数分後トイレから戻ってきた彼女はさっきより幾分スッキリした顔つきになっていて。それでもまだ少し気持ち悪いのか、時折微妙に表情を歪めながら俺たちを整列させた。
「えー…、これから毎週指定した曜日と時間帯にあなたたちの検診をここで行います。二人一組のペアで診ていくので今から組み合わせを発表しますね」
そう言ってカルテを支える彼女の左手の小指には、シンプルな細い指輪が鈍い光を放っていた。何故だか俺はそこから目が離せなかった。触れてはならない、俺の薬指にあるそれと同じ重さのような気がした。
他の奴らは気付いてるんだろうか、と思っても俺からその話題をふる気にはなれなくて。なんだかなぁ、と若干のわだかまりが残る。
「まずスカイハイさんとファイヤーエンブレムさんは月曜日の午前中。ロックバイソンさんと折紙サイクロンさんは火曜日の午後。ワイルドタイガーさんとジュニアは金曜日の午前中。ドラゴンキッドさんとブルーローズさんは土曜日の午後となりますので忘れずに集合してください。別の曜日や時間がいいって方はいらっしゃいますか?なかったらこれで決定しますけど」
意見をうかがうように一人一人の顔を見る彼女に、みながそれでいいと答えたので、彼女の提案は以外にも早く終決した。それを見計らったように様子を見ていたアニエスからまた唐突に支持が出される。

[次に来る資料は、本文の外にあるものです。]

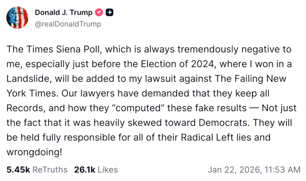 Among the topics covered in this barrage of Posts were a video of White House Deputy Chief of Staff Stephen Miller attacking Trump’s opponents, a court victory authorizing Immigration and Customs Enforcement (ICE) to use force against protesters in Minnesota, conspiracy theories about alleged fraud in the 2020 election, threats of legal action against The New York Times for publishing polls he disliked, and a vicious attack on Special Counsel Jack Smith.
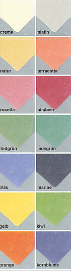 Farben:  creme, natur, rosette, lindgrün, blau, gelb, orange, terracotta, himbeer, jadegrün, marine, kiwi, kornblume
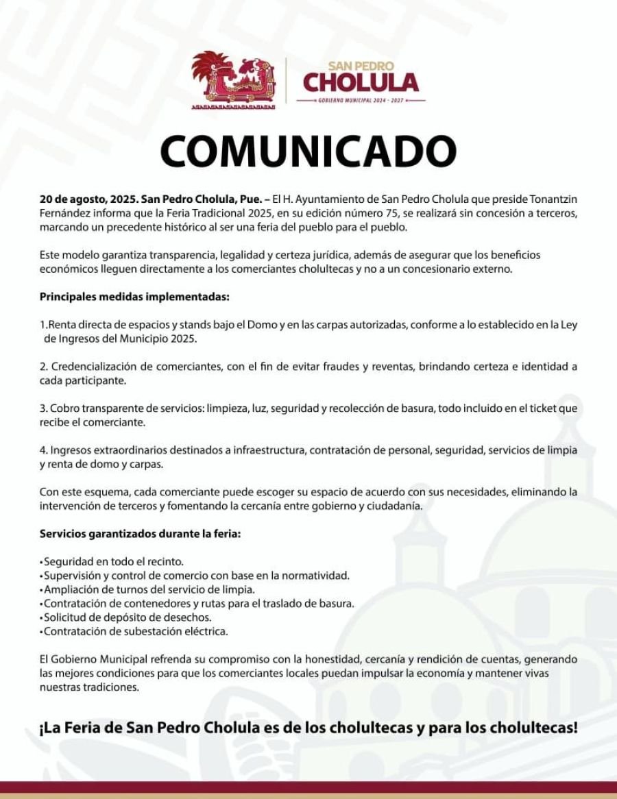 Este modelo garantiza transparencia, legalidad y certeza jurídica, además de asegurar que los beneficios económicos lleguen directamente a los comerciantes cholultecas y no a un concesionario externo.
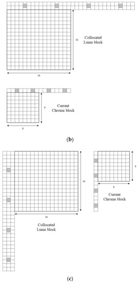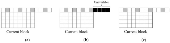 For the T_CCLM mode shown in Figure 8, based on the number of available top-right neighboring chroma samples, two different sets of subsampled neighboring sample positions can be selected in VTM-6.0, as shown in Figure 8a,b. On the other hand, in the proposed CCLM, only one set of fixed subsampled neighboring sample positions is derived, as shown in Figure 8c.
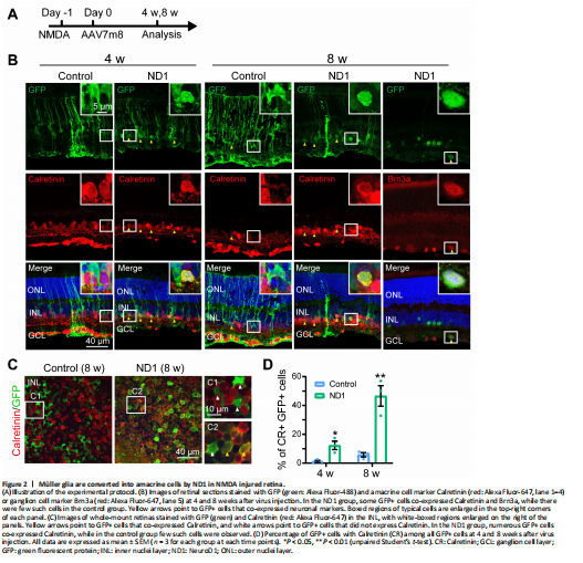 Figure 2|Müller glia are converted into amacrine cells by ND1 in NMDA injured retina.
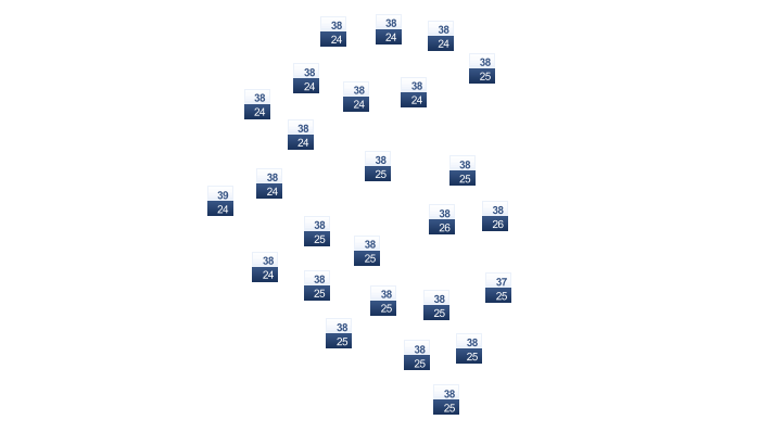 | 34 | 36 | 38 | 37 | 34 | 33 | 30 | 29 | 31 | 33 | 35 | 33 |
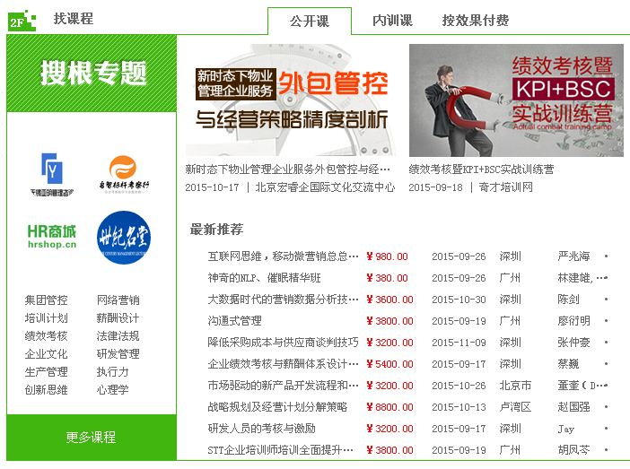 網(wǎng)站一層特惠搶票,給您優(yōu)惠特價課;二層找課程 公開內(nèi)訓(xùn)全部囊括;三層找講師,名師聚集任您選擇;四層認(rèn)證店鋪,誠信商家讓您更放心
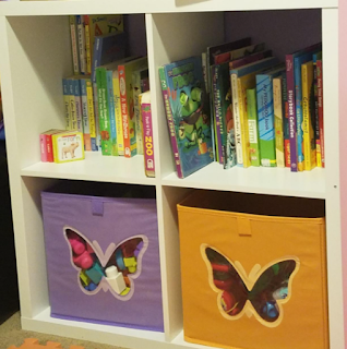 - Use butterfly themed storage cubes: These are very cute butterfly storage cubes and they come in a pack of four. Each one has a butterfly peephole at the front. They can fit perfectly into an IKEA Kallax bookshelf.
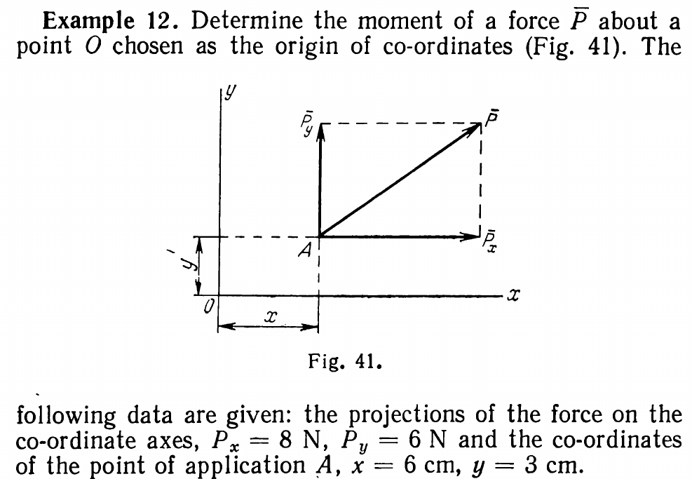 As noted earlier, the moment of any force is the perpendicular (shortest) distance between the force itself. This can be seen above; the line of action is extended downward and its closest point to the origin is 1.2 cm. Since the total force is 10 N, the moment is (1.2)(10) = 12 N-cm.

「じゃ、ヒーロー諸君は作業の邪魔になるからここから退室してちょうだい。明日の朝までこの部屋は立ち入り禁止。今日のところはもう帰っていいけどいつ要請がかかるかわからないからその時はよろしく頼むわよ!」
「はぁ!?なんだよそれ!」
「立ち入り禁止ってどういうことなの?」
「明日になったらわかるわよ。ほら出てった出てった!」
「わ、ちょ、おい!押すな!」
早急にトレーニングルームから追い出された俺たちを見て、申し訳なさそうに笑って見送る彼女の表情が忘れられない。ぺこり、と頭をさげたときに揺れた長い黒髪が白衣に映えてとても印象的だった。
一瞬記憶の中の女性がフラッシュバックして、俺に笑いかけた。それは俺もよく知る人物で、忘れるはずがない幻影。
しんみりとしてしまった気持ちを切り替えるために、わざとバニーに嫌な絡みをしたことを心の中で謝っておこう。ごめんなバニー。